- Work request -
With pictures left out, retype the lines from the start of the records through the one that contains "Während der folgenden".

Input Block Start

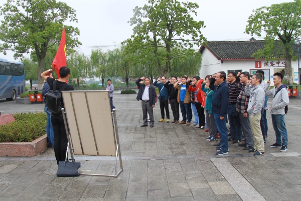 在激昂的气氛中,同志们在聂帅塑像前合影留念,并在党总支书记石东平的带领下,面对聂帅和党旗重温了入党誓词。
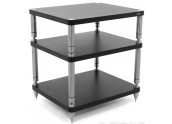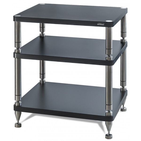 En resumen: Mesa de audio modular de tres estantes con un diseño Hyperspike Junior de cuatro pilares y acero macizo.
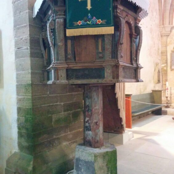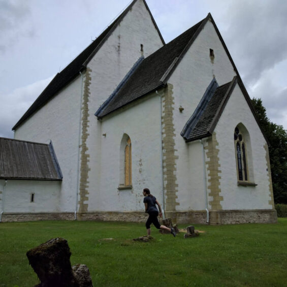 Während der folgenden 20km-Fahrt über die Insel Muhu besuchen wir in Liiva die St. Katharinen Kirche – man beachte die Statik der uralten Kanzel. Kurz vor dem Hafen geraten wir in einen Regenguss. Wir strampeln durch, und unsere Kleider trocknen auf der halbstündigen Fährüberfahrt wieder.
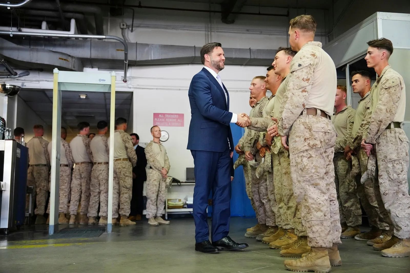 Ο Βανς συναντήθηκε με περισσότερους από 4.700 στρατιώτες —συμπεριλαμβανομένων 700 πεζοναυτών και 4.000 μελών της Εθνικής Φρουράς— που στάλθηκαν από τον πρόεδρο Τραμπ στις αρχές Ιουνίου, εν μέσω μαζικών διαδηλώσεων κατά των απελάσεων. Η απόφαση του Ανωτάτου Δικαστηρίου, που διατηρεί τον έλεγχο της Εθνικής Φρουράς στα χέρια του Τραμπ, παρείχε νομική κάλυψη στην ανάπτυξη δυνάμεων, παρά τις έντονες αντιδράσεις της πολιτειακής ηγεσίας.
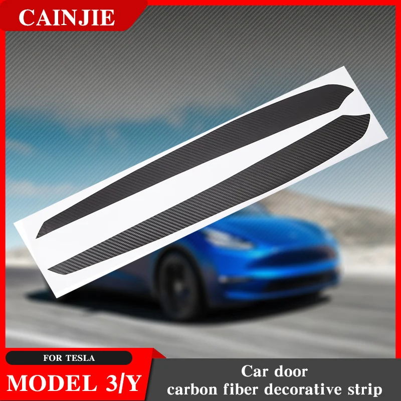 For Model 3 Model Y 2021 Accessories Car door carbon fiber decorative strip Door Trim Decoration Styling Decoration
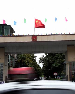 4月21日,孝感市委、市政府大院降下半旗,为青海玉树地震中不幸罹难的同胞志哀。当日,孝感社会各界也纷纷降半旗表达对遇难同胞的哀悼之情。 签约摄影师 晏美华 摄
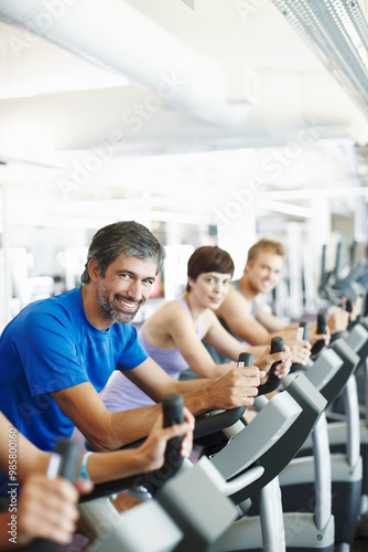 © STEEXBuyout/peopleimages.com, Obraz premium Portrait, spin class or happy man cycling in gym, training and exercise for group, health or fitness. Smile, mature or people riding bicycle machine for cardio, strong legs or power for body workout
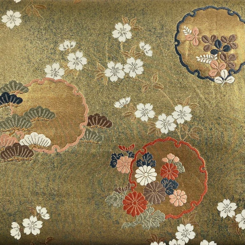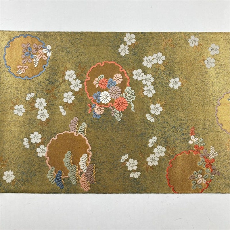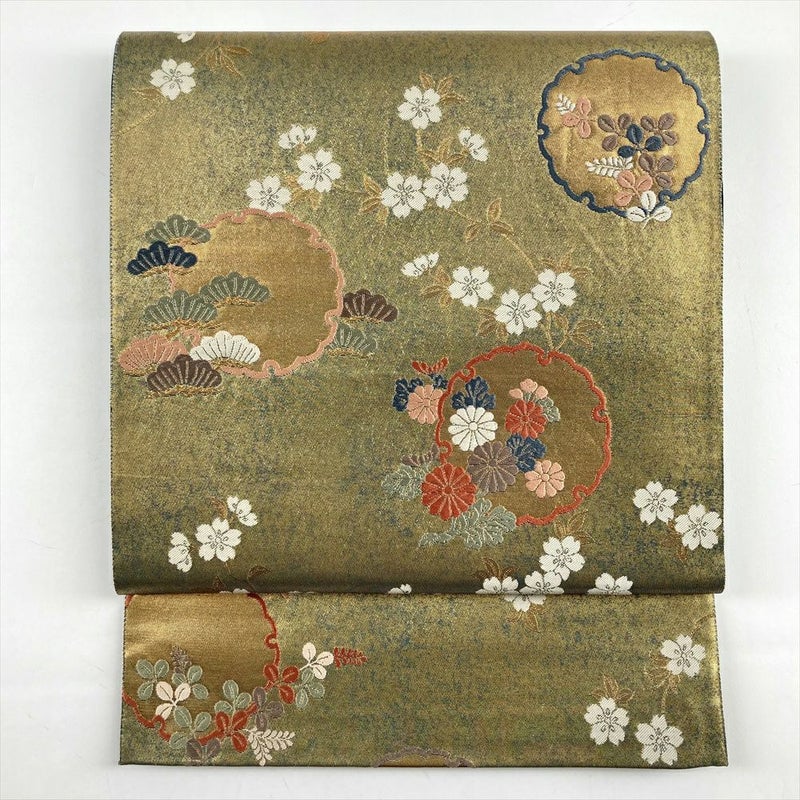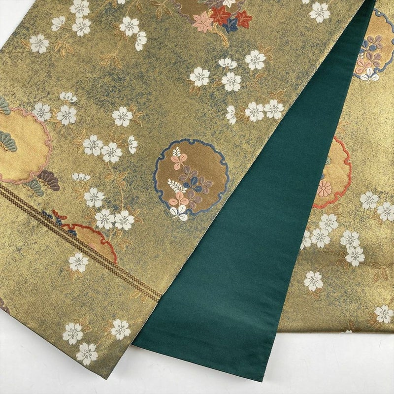 (中古)袋帯 金 フォーマル セミフォーマル 六通 切箔 雪輪 四季の草花

Input Block End

- Reply to the task -
 在激昂的气氛中,同志们在聂帅塑像前合影留念,并在党总支书记石东平的带领下,面对聂帅和党旗重温了入党誓词。
 En resumen: Mesa de audio modular de tres estantes con un diseño Hyperspike Junior de cuatro pilares y acero macizo.
 Während der folgenden 20km-Fahrt über die Insel Muhu besuchen wir in Liiva die St. Katharinen Kirche – man beachte die Statik der uralten Kanzel. Kurz vor dem Hafen geraten wir in einen Regenguss. Wir strampeln durch, und unsere Kleider trocknen auf der halbstündigen Fährüberfahrt wieder.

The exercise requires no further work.